Princeton recorded 87 bout wins during the two days of women's competition, one better than Penn State. If the women's programs had their own NCAA championship, the Tigers would be celebrating their third straight title.

But the championship, one that Princeton won last year with a partially different cast, is co-ed, and now the focus shifts to the men's team for the next two days.

Balanced field set to go for national titles
The Tigers are one of six teams who qualified the full six fencers on the men's side, and three of them are right behind Princeton. In third place behind Princeton's 87 and Penn State's 86 is Ohio State with 81 victories in the women's competition and Harvard in fourth place with 78. Each of the top four teams will have the full complement of six fencers in the men's competition.

Friday's wrap-up of the women's competition provided a maximum six All-America finishes for the Princeton women for the second straight year. Senior Diamond Wheeler placed 10th in saber, while juniors Ambika Singh and Sharon Gao placed ninth and 11th respectively in foil, and junior Katharine Holmes took seventh in epee.

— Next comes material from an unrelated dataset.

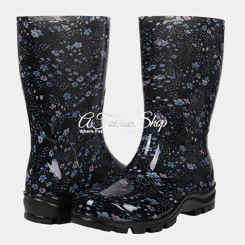 Designed to promote dry comfort on drizzly days in a fully waterproof rain boot grounded by a contoured, slip-resistant sole.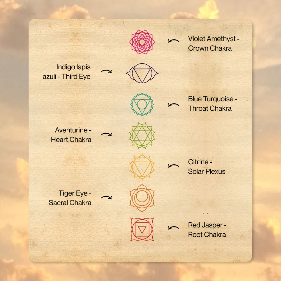 Each crystal corresponds to different chakras. For example, Amethyst calms the Crown Chakra, while Citrine energizes the Solar Plexus. Wearing them helps clear blockages and enhance your inner flow.

Princeton advanced two competitors to the individual title competition, but both were defeated in the semifinals. Senior Susannah Scanlan was up first against Stanford's Francesca Bassa for the epee title but fell behind 5-1 and 7-3 before going on a 6-2 run to take a 9-8 lead. The compeititon was never more than a point apart the rest of the way, but Bassa scored the final touch after a 14-14 tie and advanced 15-14.

Sophomore Gracie Stone followed a similar path in the saber semifinal, falling behind 10-2 before getting seven of the next eight touches to pull within 11-9. Her competitor, Adrienne Jarocki of Harvard, let Stone get no closer, winning 15-10.

Saturday's competition will start at 9:30 a.m. with men's foil, followed by epee beginning at 11:30 a.m. and saber at 2 p.m. for the first three of five rounds. The competition will wrap Sunday with the final two rounds of the round-robin portion followed by the individual title bouts.